On Thu, 28 May 2009 06:19:39 +0900, "Brenda Ann"
wrote:

wrote in message
...
On May 27, 9:44 am, wrote:

any idea how to hear this broadcast online?


I don't think there is one.

We're talking about what is probably the most closed society on the
face of the earth right now. I believe there is no internet service in
the entire country (with the exception of satellite links in foreign
embassies). The government doesn't trust even its most loyal
apparatchiks with exposure to an outside world that might
"contaminate" their world-view.

There is indeed internet in the DPRK. It is, however, tightly controlled,
almost exclusively accessed in their equivalent of the "PC Bang" (PC room),
with a state chaperone standing there watching over everyone's shoulders.
Limited e-mail access between family members with family in the south, etc.

It's indeed a very closed society, but not so much as you may be lead to
believe. Several ROK businesses have manufacturing facilities in the DPRK (a
pilot program in a city just north of the border). People being people, one
can be certain that the employees there do talk about things they see and
hear..

One interesting thing to look at: The ROK still (even though they SAID they
stopped years ago) jams several DPRK MW stations. Gotta wonder about that
one. I don't hear any jamming coming the other direction (of course, that
could be because the main KBS MW outlets are running in excess of 1.5MW
daytime and 750KW night....)


Old dictatorial habits die hard, I suppose. And if the MW content is
as loopy as the international, you'd think the ROK would WANT their
citizens to see what passes for thinking in the North.

Then again, maybe they're afraid that the urge for reunification will
trump good sense in a significant number of their people.

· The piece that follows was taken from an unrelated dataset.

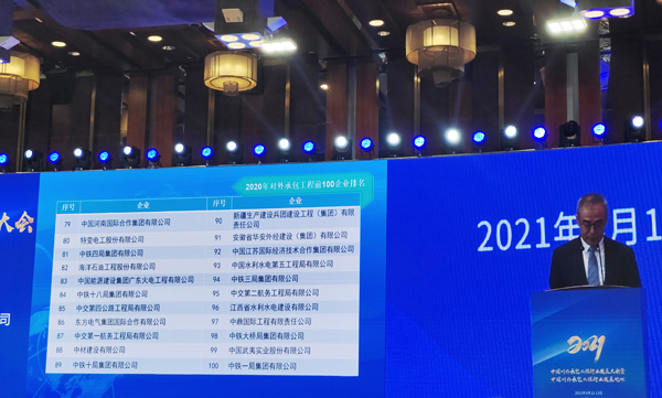 會(huì)議期間,中國(guó)對(duì)外承包工程商會(huì)發(fā)布了2020年度對(duì)外承包工程前100企業(yè),交通、電力、房建三個(gè)主要業(yè)務(wù)領(lǐng)域以及亞洲、非洲、歐洲、拉美四個(gè)市場(chǎng)30強(qiáng)名單。其中,我公司位列2020年度對(duì)外承包工程前100強(qiáng)企業(yè)榜單。此外,公司再次連續(xù)獲評(píng)2021年度對(duì)外承包工程行業(yè)A級(jí)企業(yè)稱號(hào)。

As for the DPRK not jamming the south's MW: Electricity is a rare and
precious commodity there, right? And I believe they don't allow their
people to have any radios that can tune in anything but the Dear
Leader's stuff. If that's still true, and there isn't a sizable number
of people homebrewing their own sets, why waste valuable money jamming
what isn't being heard anyway?

--
Col. I.P. Yurin
Commissariat of Internal Security

Stakhanovite
Order of Lenin (1937)
Hero of Socialist Labor (1939)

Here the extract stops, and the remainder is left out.